Library building at Mills College, California, U.S.

Margaret Carnegie Library is a historic Carnegie Library building completed in 1906 at Mills College in Oakland, California. It was designed by Julia Morgan, the first woman architect to be licensed in California. It was the second of the many Morgan designed buildings on campus. In plan it reflects a design similar to that of the Biblioteque Ste. Genevieve, where the individual enters in the middle of a long narrow building proceeds to the back wall, up the stairs to either left or right up to the reading room, and its interior reflects the structural rationalism taught at L'Ecole des Beaux Arts where Morgan studied architecture. Where the French library displayed the structure with wrought iron double arches, Morgan employed a three part truss made of redwood, a local material more appropriate to California, and reflecting the love she developed for designing trusses while she was a student at the University of California, Berkeley in Civil Engineering.

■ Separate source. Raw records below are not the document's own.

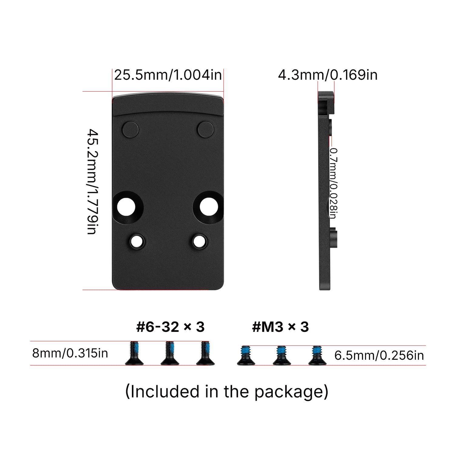 • Universal compatibility: Compatible with RMSc and K-footprint red dot sights.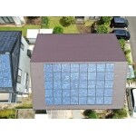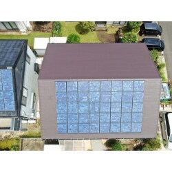 スレート屋根に太陽光パネルと換気棟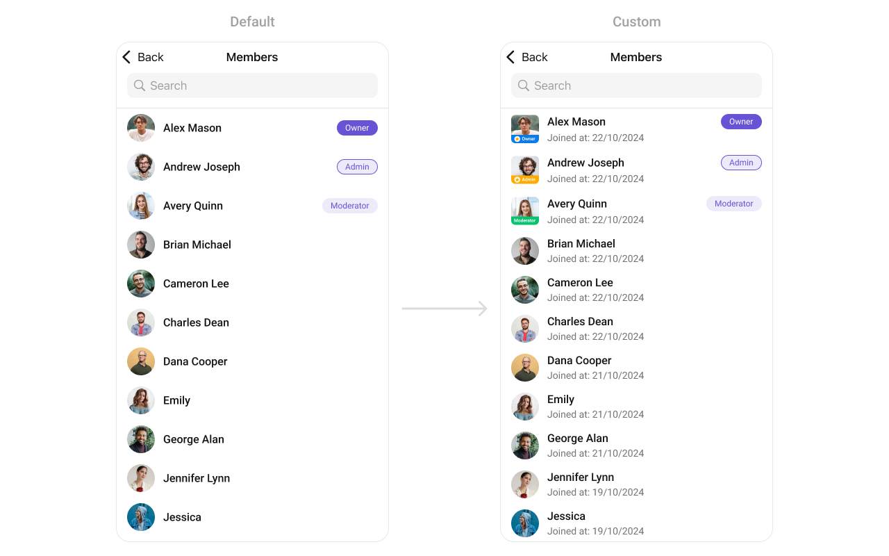 - You can customize the subtitle view for each GroupMembers item to meet your requirements
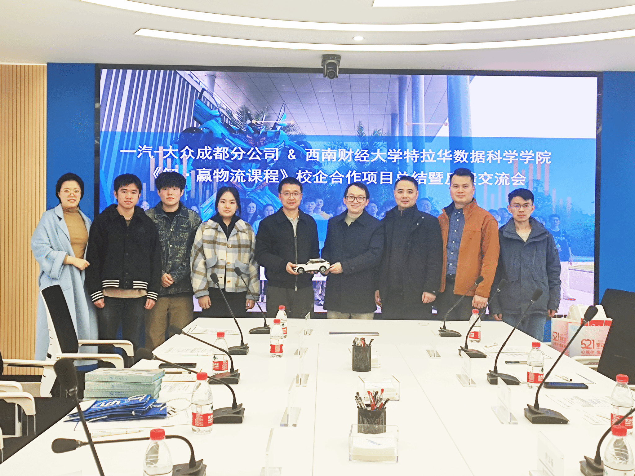 与一汽大众成都分公司联合开展的课程《商业分析中的项目实践》总结交流会在学院视频会议室顺利举行。一汽大众成都分公司一汽大众成都分公司生产管理部生产控制与物料筹措科物料规划工程师专家黄雪川,总务人事部人力资源科主管李锐,生产管理部生产控制与物料筹措科物料规划工程师唐文杨,总装车间校企合作负责人江济炜到访学院,与院长杨石磊,招生与公共关系主任娄雅琪及姚宣宇、丛子涵、董萧尹等学生代表展开深度交流,共同探讨课程效果,探讨校企协同育人新路径。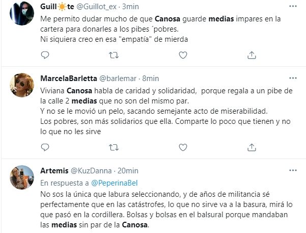 Las declaraciones de la periodista sobre esta forma de realizar actos solidarios despertaron el enojo en las redes sociales. Rápidamente, miles de burlas colmaron Twitter e incluso muchos usuarios la compararon con Micky Vainilla, el personaje de ideología nazi creado e interpretado por Diego Capusotto.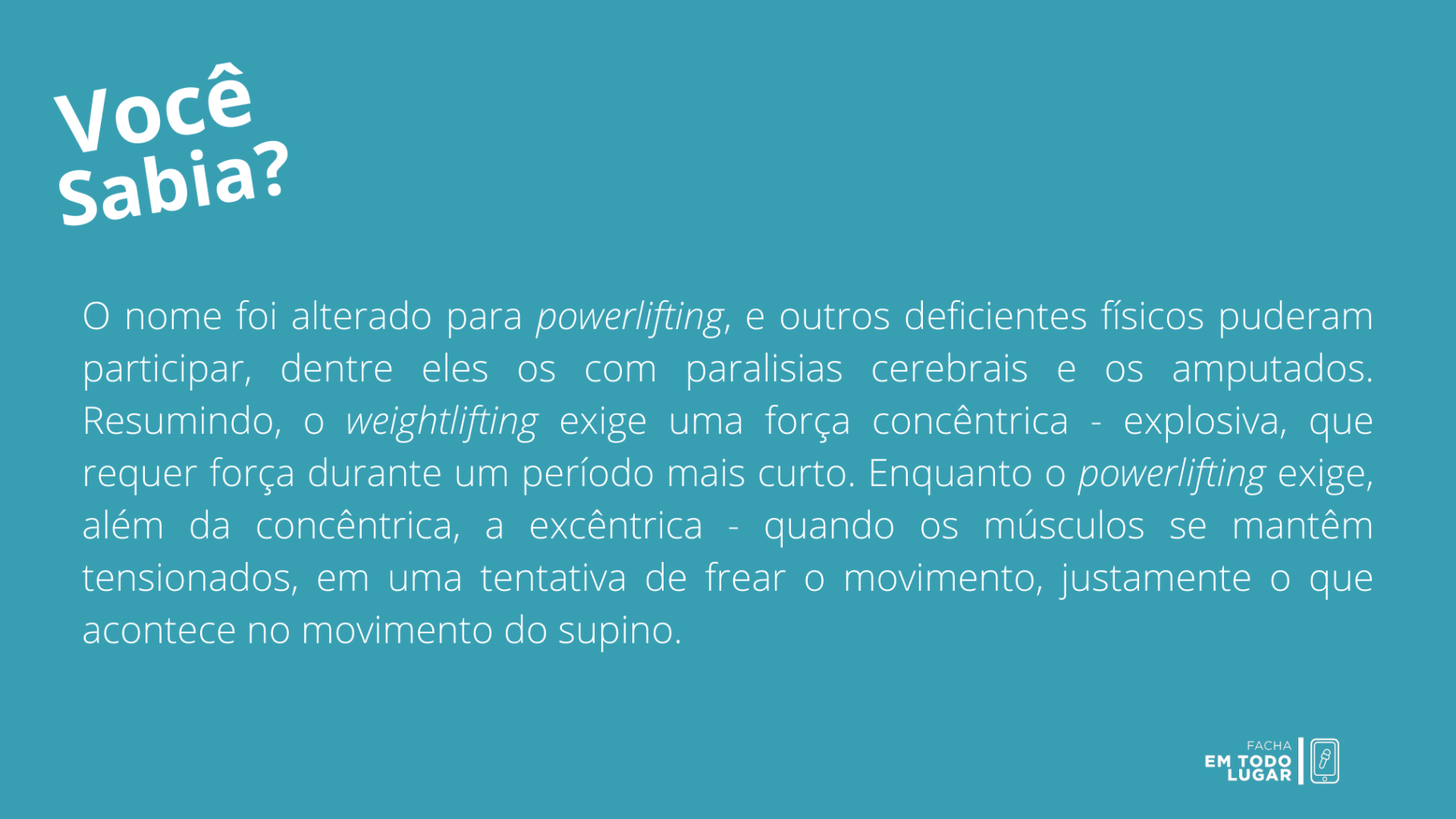 A modalidade praticada, exclusivamente, por atletas com deficiência segue as regras do World Para Powerfliting, vinculado ao Comitê Paralímpico Internacional (IPC). O exercício utilizado é o supino, no qual é possível que o praticante empurre uma carga até três vezes o seu peso corporal.

Made of reinforced concrete it includes steel beams spanning the full width of the building and holding up the second floor, and it uses classical arches and Mission-style architecture details with a red tile roof, iron balconies and arched windows. The interior has exposed wood beams. The library is named for Andrew Carnegie's daughter (his mother was also named Margaret). The reading room, occupying most of the second floor, is named for Albert Bender (art patron), a college trustee and philanthropist.